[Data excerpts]
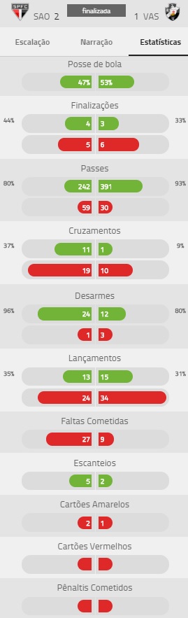 Confira estatísticas de São Paulo 2 x 1 Vasco
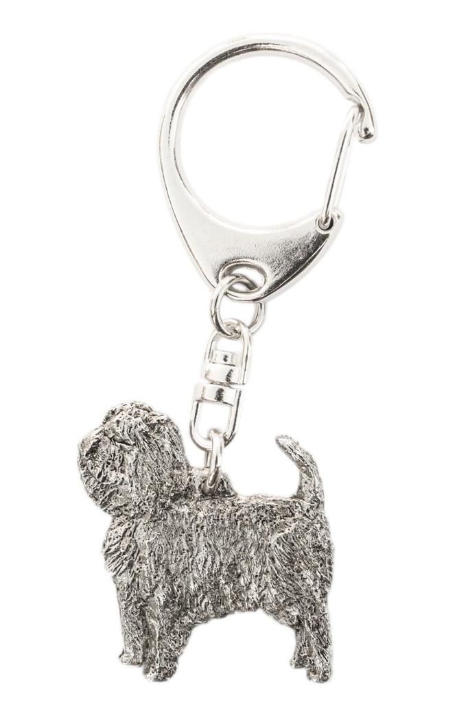 This is an elaborate and antique-looking metal (alloy, antique silver finish) dog key chain made by Alden Arts, a British manufacturer with over 50 years of history and tradition.
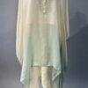 A striking fuchsia pink crepe kaftan set featuring golden sequin embellishments on the neckline and armholes. Paired with matching pants, this elegant ensemble blends comfort with festive charm.
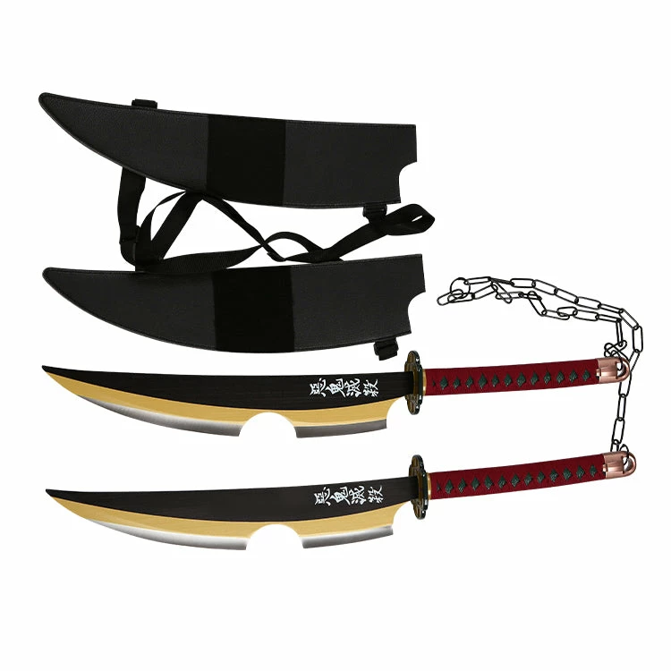 | Demon Slayer Tengen Uzui’s Twin Nichirin Swords -Flamboyant orange and yellow hamon along blade edges -Metal pommels can be joined together with included chain -Black Carry sheaths included |
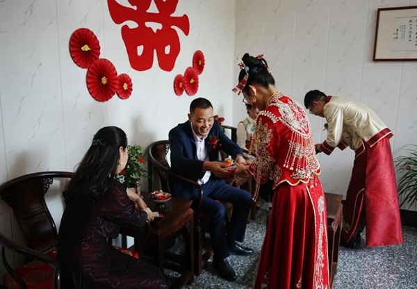在婚礼形式上,吴垚和范意鍚精简了常见婚礼中庞大的娶亲队伍和冗长的娶亲流程,将车队数量减少到了2辆,保留了“娶亲拜堂、敬茶改口、祭祖传家”等具有鲜明中国传统文化和地方民俗特色的婚礼环节。同时,取消了司仪和摄影摄像,由自己和亲朋好友担任主持人、证婚人以及摄影摄像师。
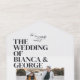 The Belmont design card showcases the couple's names in a large bold font, creating a visual centerpiece that speaks volumes. As you glance above and below, the essential details of the celebration are gracefully presented in a small, classic serif font. The back side is a canvas for another beautiful photo of the couple, allowing a glimpse into their shared journey. A personalized message, thoughtfully crafted by the couple, adds a warm and intimate touch, inviting loved ones to join in the celebration of their union.

GOAL OF THE EXERCISE: Only lines belong in the copy, not pictures: write out exactly the lines of the records from the first through the one holding "This is an elaborate".

WRITTEN ANSWER:
 Confira estatísticas de São Paulo 2 x 1 Vasco
 This is an elaborate and antique-looking metal (alloy, antique silver finish) dog key chain made by Alden Arts, a British manufacturer with over 50 years of history and tradition.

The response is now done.